Сравнение F-теста и взаимной информации

Machine LearningMachine LearningBeginner
Практиковаться сейчас

This tutorial is from open-source community. Access the source code

💡 Этот учебник переведен с английского с помощью ИИ. Чтобы просмотреть оригинал, вы можете перейти на английский оригинал

Введение

В этом лабе мы узнаем о различиях между статистиками F-теста для одномерных данных и взаимной информацией. Мы будем использовать библиотеку scikit-learn для выполнения F-теста и регрессии на основе взаимной информации для набора данных и сравним результаты.

Советы по работе с ВМ

После запуска ВМ нажмите в левом верхнем углу, чтобы переключиться на вкладку Notebook и получить доступ к Jupyter Notebook для практики.

Иногда вам может потребоваться подождать несколько секунд, пока Jupyter Notebook не загрузится полностью.

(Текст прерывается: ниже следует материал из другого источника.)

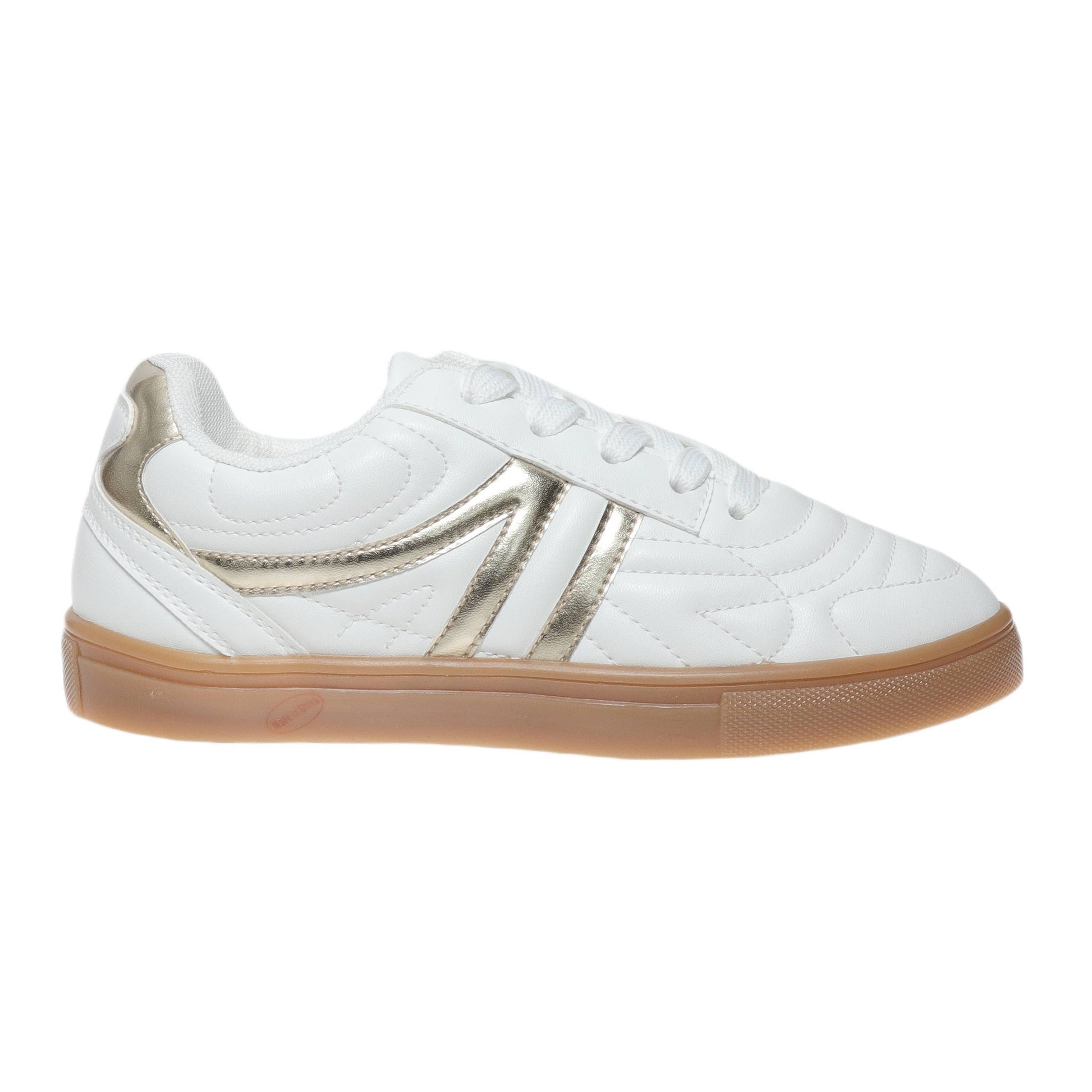 Add a touch of sparkle to your child’s steps with the Pierre Dumas Outwoods Kids sneakers. Featuring a stylish white and gold finish, these shoes combine playful charm with everyday comfort. Perfect for active kids, they provide reliable support and a cute look that stands out during playtime or casual outings. Give your little one a fun, trendy sneaker they’ll love to wear all day.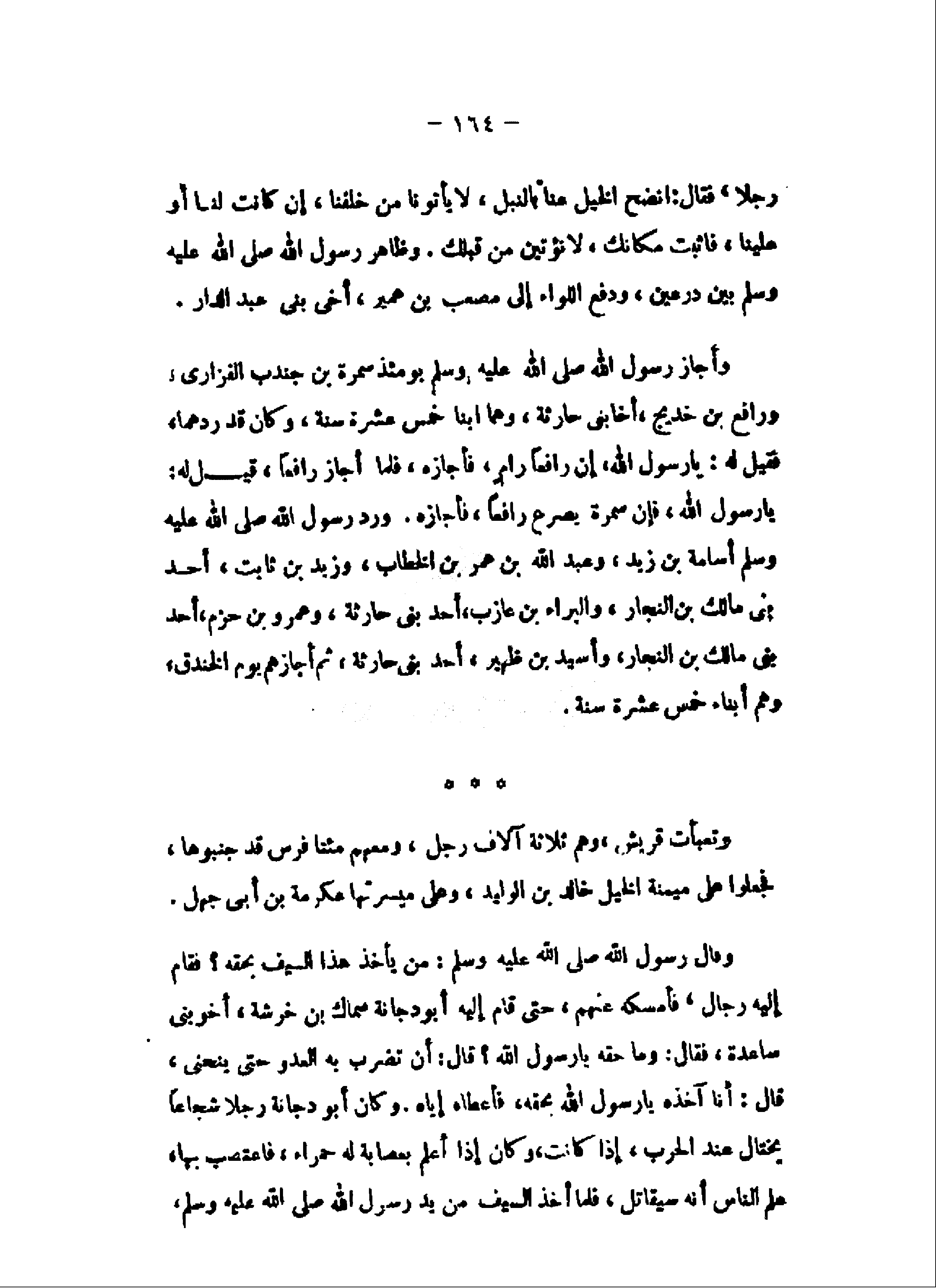يا رسول الله، فإن سمرة يصرع رافعا، فأجازه. ورد رسول الله صلى الله عليه وسلم أسامة بن زيد، وعبد الله بن عمر بن الخطاب، وزيد بن ثابت، أحد بنى مالك بن النجار، والبراء بن عازب، أحد بنى حارثة، وعمرو بن حزم، أحد بنى مالك بن النجار، وأسيد بن ظهير، أحد بنى حارثة، ثم أجازهم يوم الخندق، وهم أبناء خمس عشرة سنة.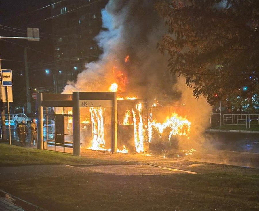 В Краснодаре около остановки «Рождественский храм» полностью сгорел троллейбус.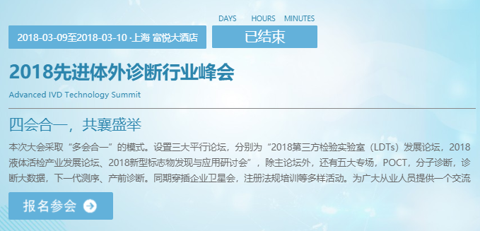 本次大会采取“多会合一”的模式。设置三大平行论坛,分别为“2018第三方检验实验室(LDTs)发展论坛,2018液体活检产业发展论坛、2018新型标志物发现与应用研讨会”,除主论坛外,还有五大专场,POCT,分子诊断,诊断大数据,下一代测序、产前诊断。同期穿插企业卫星会,注册法规培训等多样活动。为广大从业人员提供一个交流的平台,促进行业的合作。.....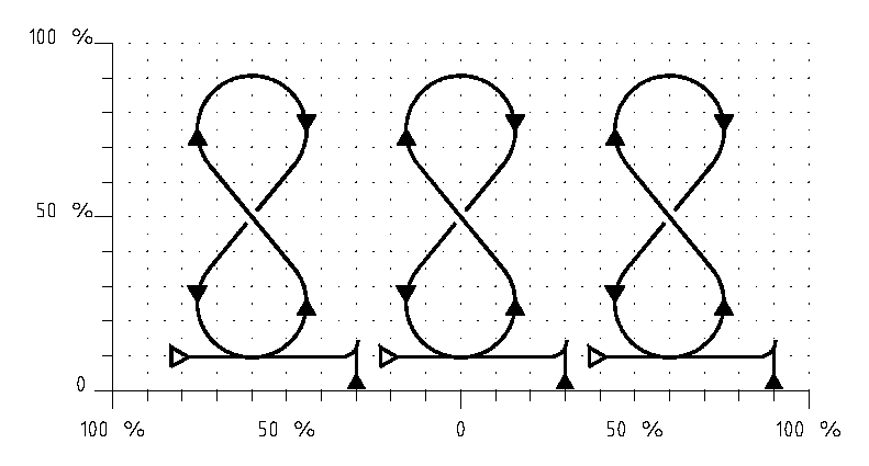 "In" is called when all kites are lined up at ^10. After 20% horizontal flight all kites simultaneously enters a 'eight' figure. The diameter of each arc is approximately 30% with the top of the eight at ^90. The point where the two straight lines intersect is at ^50 height. On returning to the same horizontal line at ^10 each kite travels 30% before executing a simultaneous 2-point landing. "Out" is called when all kites are landed.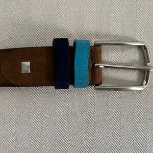 EUC CARLOS NIETO - Colombia made leather belt (L - XL) in brown with turquoise / blue belt straps 110/44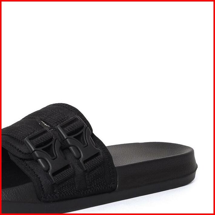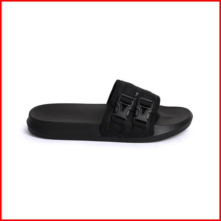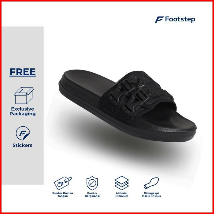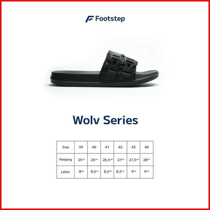 Sendal Cowok Footstep Wolv Full Black Slide Sandal Shoes Pria Selop Karet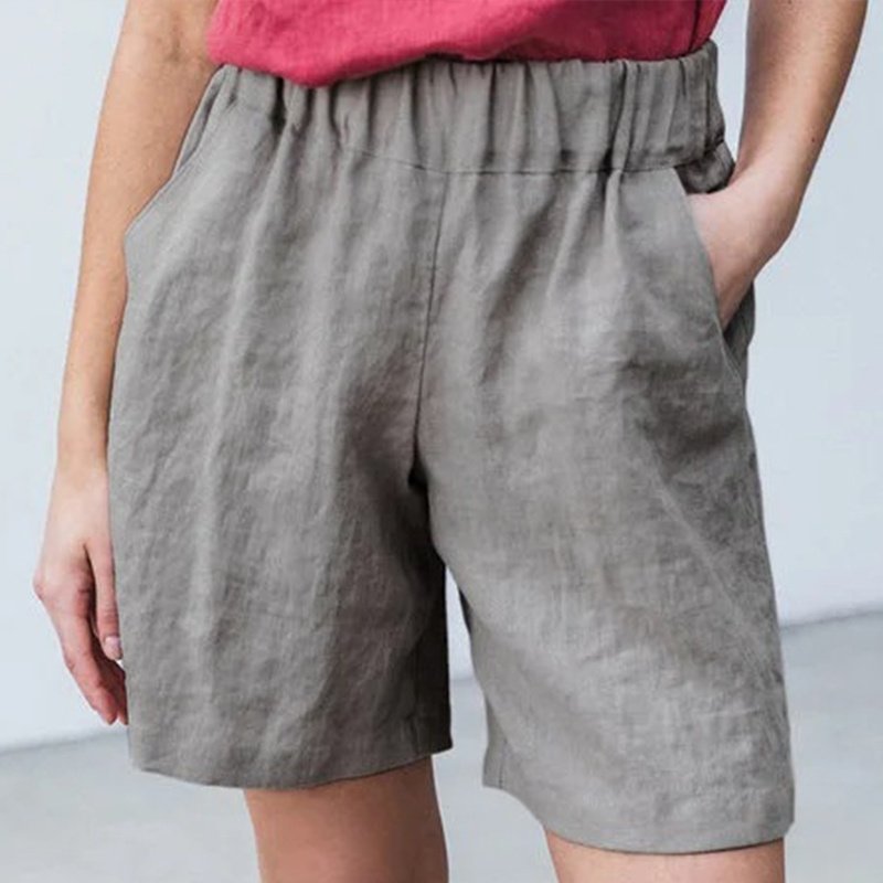 Home > Cotton Linen Solid Shorts Female Elastic Waist Knee-length Pocket Short Women 2021 Summer Fashion Thin Soft Women's Homewear
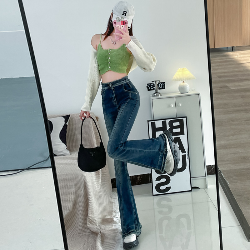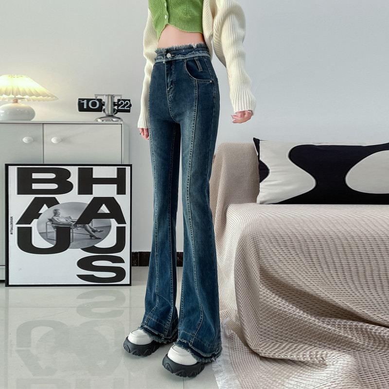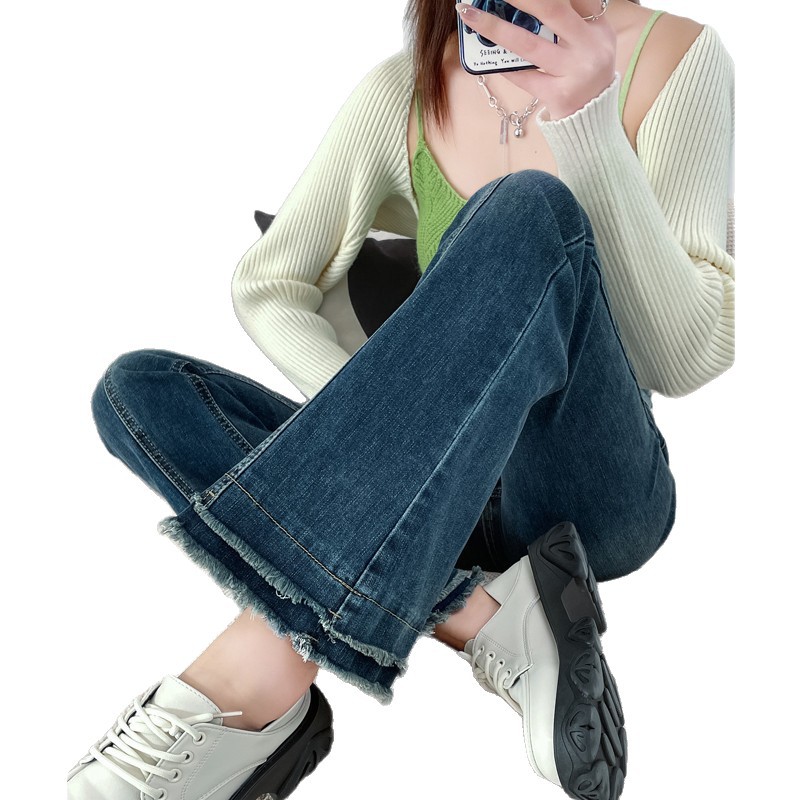 高腰微喇叭牛仔裤女2025年现货复古毛边显瘦马蹄裤九分长裤加长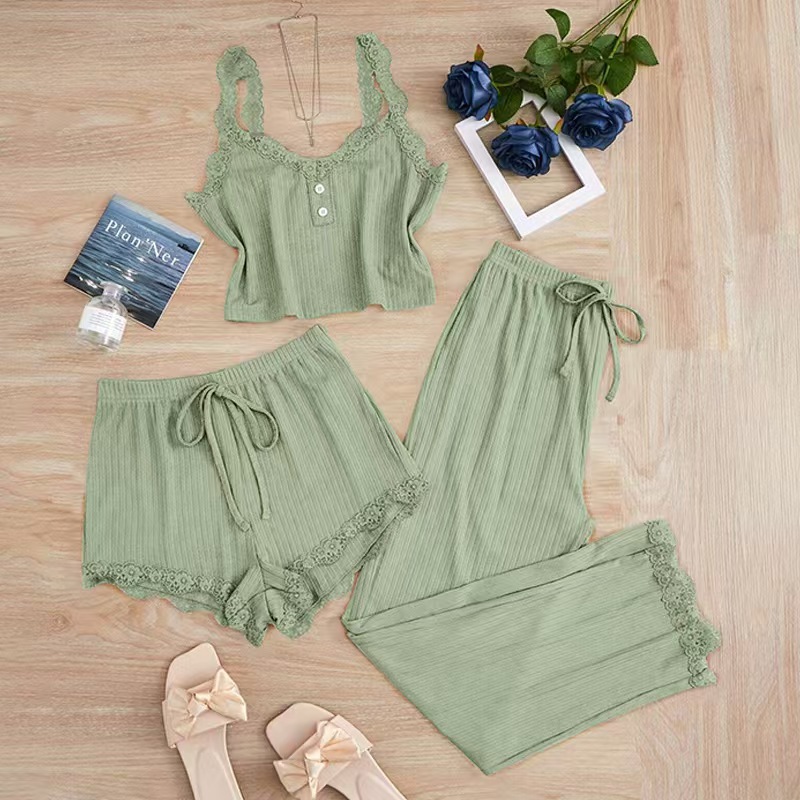여성용 슬림핏 크로스보더 레이스 3피스 슈트 캐미솔 반바지 바지 잠옷

Валидация операций не может быть автоматизирована из-за ограничений Jupyter Notebook.

Если вы сталкиваетесь с проблемами во время обучения, не стесняйтесь обращаться к Labby. Оставьте отзыв после занятия, и мы оперативно решим проблему для вас.


Skills Graph

%%%%{init: {'theme':'neutral'}}%%%% flowchart RL sklearn(("Sklearn")) -.-> sklearn/DataPreprocessingandFeatureEngineeringGroup(["Data Preprocessing and Feature Engineering"]) ml(("Machine Learning")) -.-> ml/FrameworkandSoftwareGroup(["Framework and Software"]) sklearn/DataPreprocessingandFeatureEngineeringGroup -.-> sklearn/feature_selection("Feature Selection") ml/FrameworkandSoftwareGroup -.-> ml/sklearn("scikit-learn") subgraph Lab Skills sklearn/feature_selection -.-> lab-49121{{"Сравнение F-теста и взаимной информации"}} ml/sklearn -.-> lab-49121{{"Сравнение F-теста и взаимной информации"}} end

Импорт библиотек

Начнем с импорта необходимых библиотек для этого лабара. В этом лабе мы будем использовать numpy, matplotlib и scikit-learn.

import numpy as np
import matplotlib.pyplot as plt
from sklearn.feature_selection import f_regression, mutual_info_regression

Создание набора данных

Мы создадим набор данных с 3 признаками, где первый признак имеет линейную зависимость от целевой переменной, второй признак имеет нелинейную зависимость от целевой переменной, а третий признак совершенно не имеет отношения. Для этого набора данных мы создадим 1000 образцов.

np.random.seed(0)
X = np.random.rand(1000, 3)
y = X[:, 0] + np.sin(6 * np.pi * X[:, 1]) + 0.1 * np.random.randn(1000)

Вычисление F-теста

Теперь мы вычислим показатель F-теста для каждого признака. F-тест охватывает только линейную зависимость между переменными. Мы нормализуем показатели F-теста, поделив их на максимальный показатель F-теста.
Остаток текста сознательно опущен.